(Data extracted from a collection)
____
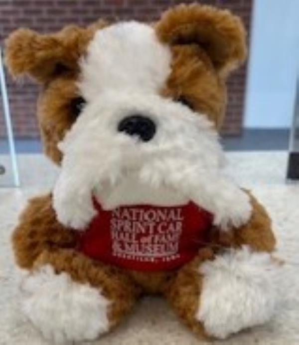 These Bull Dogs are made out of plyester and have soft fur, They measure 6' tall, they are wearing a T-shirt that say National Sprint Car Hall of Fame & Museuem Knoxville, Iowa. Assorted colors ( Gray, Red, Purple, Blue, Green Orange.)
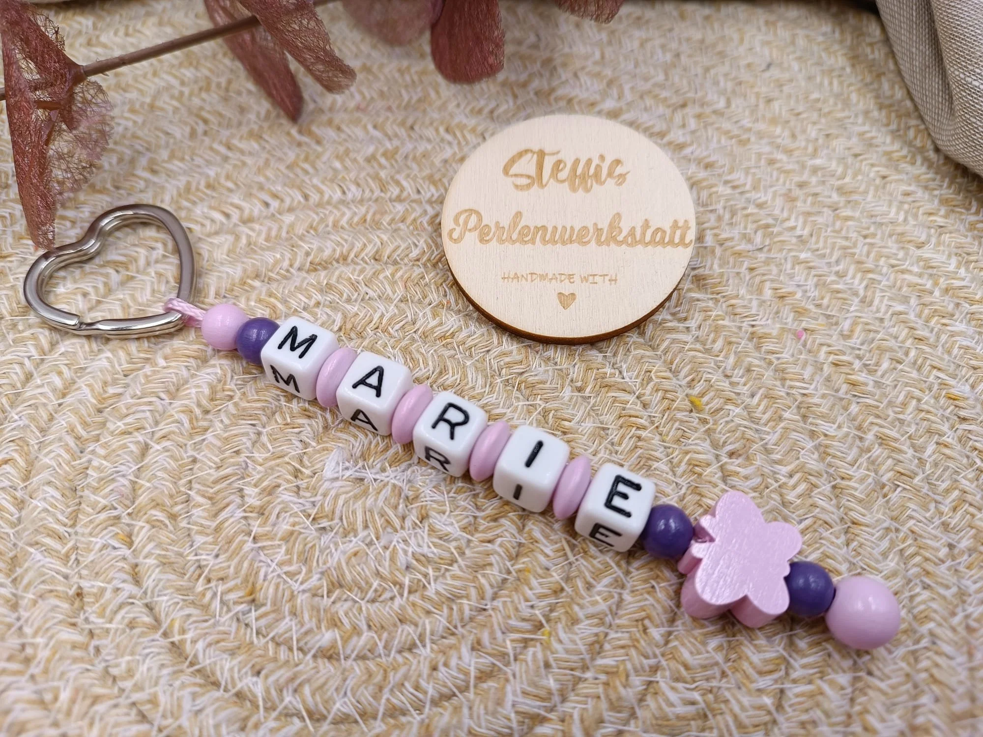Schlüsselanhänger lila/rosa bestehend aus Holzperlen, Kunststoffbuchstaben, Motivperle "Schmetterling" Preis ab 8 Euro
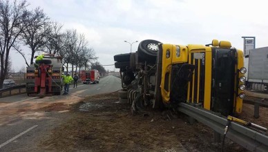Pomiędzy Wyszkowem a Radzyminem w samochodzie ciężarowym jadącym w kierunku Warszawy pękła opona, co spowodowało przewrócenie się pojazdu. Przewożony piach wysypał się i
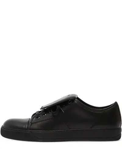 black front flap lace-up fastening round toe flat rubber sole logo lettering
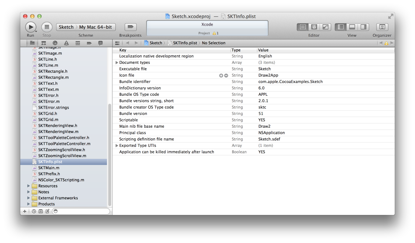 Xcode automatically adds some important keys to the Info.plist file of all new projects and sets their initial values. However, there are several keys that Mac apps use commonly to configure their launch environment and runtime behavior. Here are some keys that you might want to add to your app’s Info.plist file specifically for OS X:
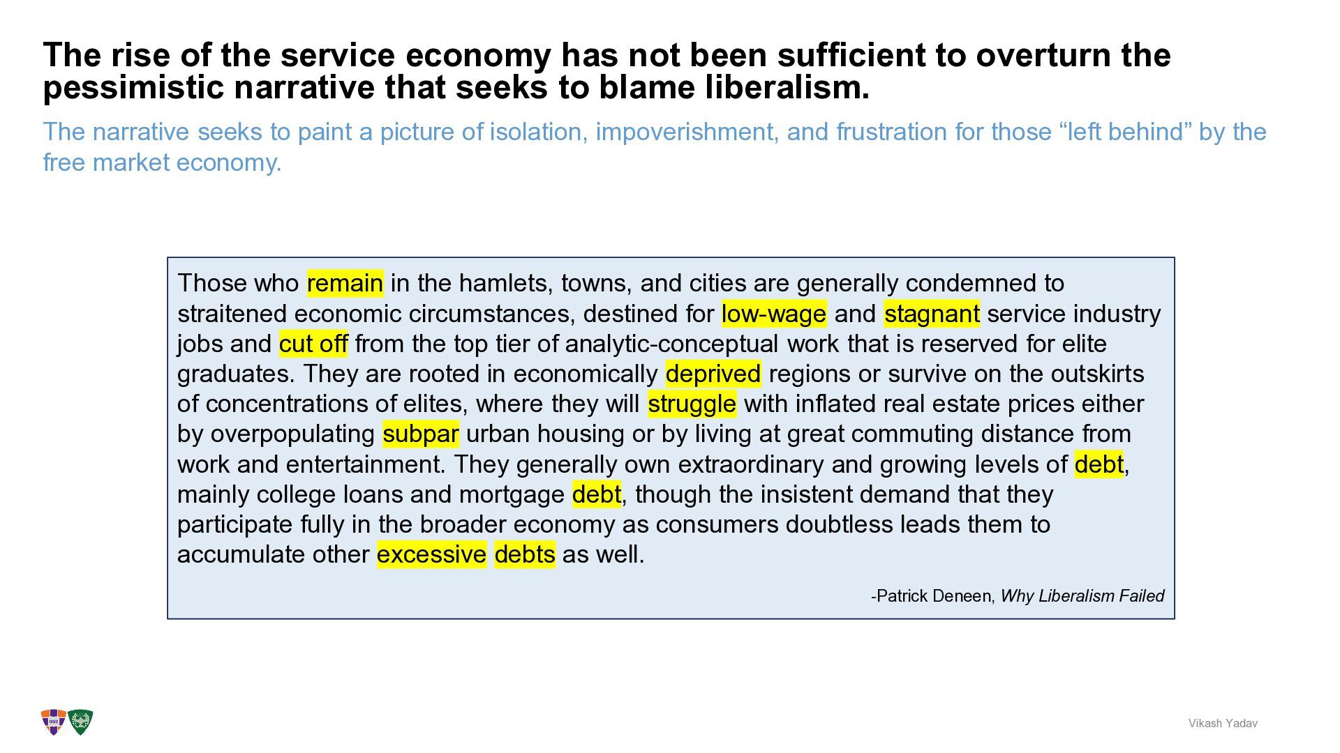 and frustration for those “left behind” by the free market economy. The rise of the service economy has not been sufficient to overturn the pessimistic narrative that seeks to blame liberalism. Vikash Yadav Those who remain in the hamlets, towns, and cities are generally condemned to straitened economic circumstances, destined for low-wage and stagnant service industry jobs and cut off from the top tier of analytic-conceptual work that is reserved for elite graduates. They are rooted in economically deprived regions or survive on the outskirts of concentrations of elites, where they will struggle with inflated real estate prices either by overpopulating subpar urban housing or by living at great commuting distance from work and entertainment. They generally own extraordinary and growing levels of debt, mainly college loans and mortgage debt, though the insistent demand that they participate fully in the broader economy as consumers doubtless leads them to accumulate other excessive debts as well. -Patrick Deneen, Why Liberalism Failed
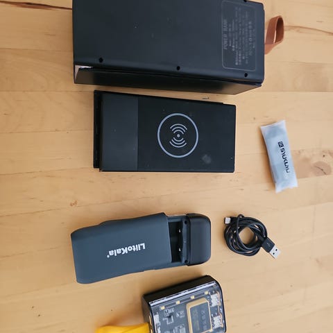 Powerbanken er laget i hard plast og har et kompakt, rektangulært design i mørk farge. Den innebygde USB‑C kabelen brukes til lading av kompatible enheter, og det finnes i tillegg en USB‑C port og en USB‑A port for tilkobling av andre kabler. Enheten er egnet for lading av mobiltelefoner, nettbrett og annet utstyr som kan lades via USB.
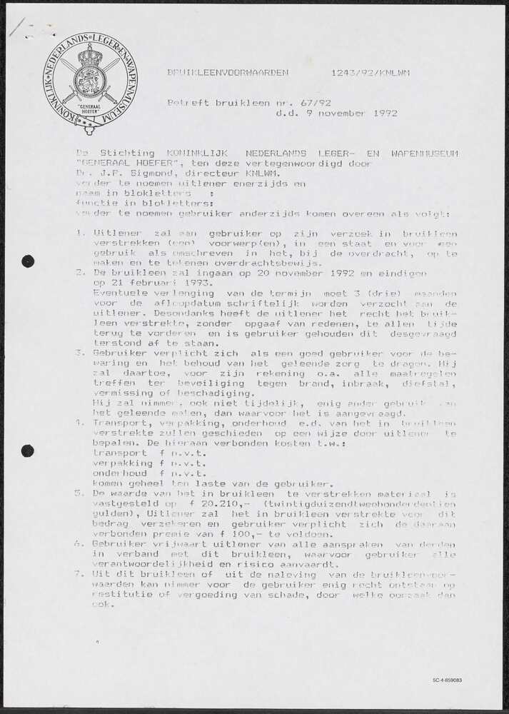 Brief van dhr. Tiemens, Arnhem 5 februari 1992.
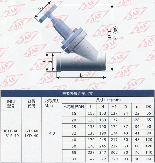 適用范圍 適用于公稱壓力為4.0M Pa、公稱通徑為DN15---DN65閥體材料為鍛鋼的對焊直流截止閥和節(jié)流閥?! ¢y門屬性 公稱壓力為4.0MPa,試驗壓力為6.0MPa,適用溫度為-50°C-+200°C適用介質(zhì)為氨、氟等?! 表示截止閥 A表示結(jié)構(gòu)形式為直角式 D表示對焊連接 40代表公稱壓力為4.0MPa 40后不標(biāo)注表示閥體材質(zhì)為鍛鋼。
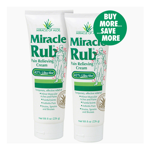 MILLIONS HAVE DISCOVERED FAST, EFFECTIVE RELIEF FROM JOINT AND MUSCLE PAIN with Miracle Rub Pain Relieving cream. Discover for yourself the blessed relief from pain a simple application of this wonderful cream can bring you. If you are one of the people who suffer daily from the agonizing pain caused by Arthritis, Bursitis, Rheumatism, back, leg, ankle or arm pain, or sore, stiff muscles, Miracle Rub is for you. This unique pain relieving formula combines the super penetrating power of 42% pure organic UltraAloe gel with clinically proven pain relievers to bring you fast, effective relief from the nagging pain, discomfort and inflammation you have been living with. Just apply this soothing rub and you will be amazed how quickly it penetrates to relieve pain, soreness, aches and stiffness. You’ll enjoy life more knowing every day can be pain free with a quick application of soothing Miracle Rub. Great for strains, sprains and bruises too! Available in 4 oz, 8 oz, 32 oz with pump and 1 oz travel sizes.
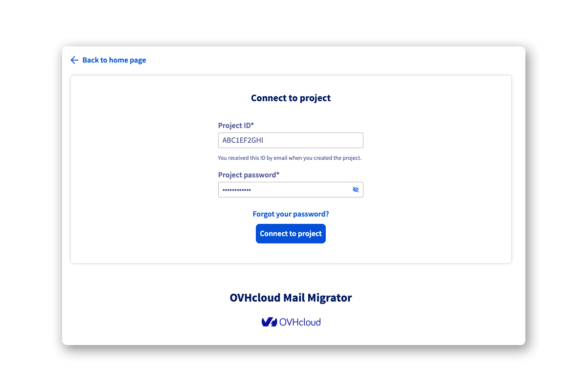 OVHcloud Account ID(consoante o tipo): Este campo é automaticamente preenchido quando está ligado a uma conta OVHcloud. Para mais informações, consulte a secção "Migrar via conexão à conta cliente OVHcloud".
____
▸ **Exercise instructions**: Give again, word for word, the lines above from the first one through the one containing "Schlüsselanhänger lila/rosa bestehend"; no pictures.

▸ **Response to the task**:
 These Bull Dogs are made out of plyester and have soft fur, They measure 6' tall, they are wearing a T-shirt that say National Sprint Car Hall of Fame & Museuem Knoxville, Iowa. Assorted colors ( Gray, Red, Purple, Blue, Green Orange.)
Schlüsselanhänger lila/rosa bestehend aus Holzperlen, Kunststoffbuchstaben, Motivperle "Schmetterling" Preis ab 8 Euro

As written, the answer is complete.